If *C* is *None*, the value of the hexagon is determined by the number
of points in the hexagon. Otherwise, *C* specifies values at the
coordinate (x[i], y[i]). For each hexagon, these values are reduced
using *reduce_C_function*.
Parameters
----------
x, y : array-like
    The data positions. *x* and *y* must be of the same length.
C : array-like, optional
    If given, these values are accumulated in the bins. Otherwise,
    every point has a value of 1. Must be of the same length as *x*
    and *y*.
gridsize : int or (int, int), default: 100
    If a single int, the number of hexagons in the *x*-direction.
    The number of hexagons in the *y*-direction is chosen such that
    the hexagons are approximately regular.
    Alternatively, if a tuple (*nx*, *ny*), the number of hexagons
    in the *x*-direction and the *y*-direction. In the
    *y*-direction, counting is done along vertically aligned
    hexagons, not along the zig-zag chains of hexagons; see the
    following illustration.
    .. plot::
       import numpy
       import matplotlib.pyplot as plt
       np.random.seed(19680801)
       n= 300
       x = np.random.standard_normal(n)
       y = np.random.standard_normal(n)
       fig, ax = plt.subplots(figsize=(4, 4))
       h = ax.hexbin(x, y, gridsize=(5, 3))
       hx, hy = h.get_offsets().T
       ax.plot(hx[24::3], hy[24::3], 'ro-')
       ax.plot(hx[-3:], hy[-3:], 'ro-')
       ax.set_title('gridsize=(5, 3)')
       ax.axis('off')
    To get approximately regular hexagons, choose
    :math:`n_x = \sqrt{3}\,n_y`.
bins : 'log' or int or sequence, default: None
    Discretization of the hexagon values.
    - If *None*, no binning is applied; the color of each hexagon
      directly corresponds to its count value.
    - If 'log', use a logarithmic scale for the colormap.
      Internally, :math:`log_{10}(i+1)` is used to determine the
      hexagon color. This is equivalent to ``norm=LogNorm()``.
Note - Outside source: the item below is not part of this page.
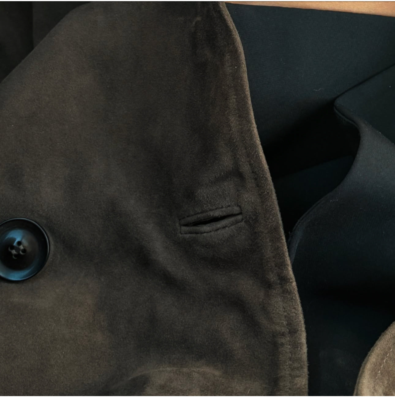 Fremstillet i 100% ruskind opnår denne jakke en ideel balance mellem luksuriøst design og praktisk funktionalitet. Materialevalget sikrer ikke kun et smukt udseende, men også en behagelig fornemmelse mod huden og god beskyttelse mod vind og vejr. Denne trenchcoat tilbyder en kombination af stil, komfort og kvalitet, der gør den til et værdifuldt supplement til enhver garderobe. Den optimale harmoni mellem design og funktionalitet gør denne trenchcoat til et alsidigt og praktisk valg for den moderne kvinde.

    - If an integer, divide the counts in the specified number
      of bins, and color the hexagons accordingly.
    - If a sequence of values, the values of the lower bound of
      the bins to be used.
xscale : {'linear', 'log'}, default: 'linear'
    Use a linear or log10 scale on the horizontal axis.
yscale : {'linear', 'log'}, default: 'linear'
    Use a linear or log10 scale on the vertical axis.
mincnt : int > 0, default: *None*
    If not *None*, only display cells with more than *mincnt*
    number of points in the cell.
marginals : bool, default: *False*
    If marginals is *True*, plot the marginal density as
    colormapped rectangles along the bottom of the x-axis and
    left of the y-axis.
extent : 4-tuple of float, default: *None*
    The limits of the bins (xmin, xmax, ymin, ymax).
    The default assigns the limits based on
    *gridsize*, *x*, *y*, *xscale* and *yscale*.
    If *xscale* or *yscale* is set to 'log', the limits are
    expected to be the exponent for a power of 10. E.g. for
    x-limits of 1 and 50 in 'linear' scale and y-limits
    of 10 and 1000 in 'log' scale, enter (1, 50, 1, 3).
Returns
-------
`~matplotlib.collections.PolyCollection`
    A `.PolyCollection` defining the hexagonal bins.
    - `.PolyCollection.get_offsets` contains a Mx2 array containing
      the x, y positions of the M hexagon centers.
    - `.PolyCollection.get_array` contains the values of the M
      hexagons.
    If *marginals* is *True*, horizontal
    bar and vertical bar (both PolyCollections) will be attached
    to the return collection as attributes *hbar* and *vbar*.
Other Parameters
----------------
cmap : str or `~matplotlib.colors.Colormap`, default: :rc:`image.cmap`
    The Colormap instance or registered colormap name used to map scalar data
    to colors.
norm : str or `~matplotlib.colors.Normalize`, optional
    The normalization method used to scale scalar data to the [0, 1] range
    before mapping to colors using *cmap*. By default, a linear scaling is
    used, mapping the lowest value to 0 and the highest to 1.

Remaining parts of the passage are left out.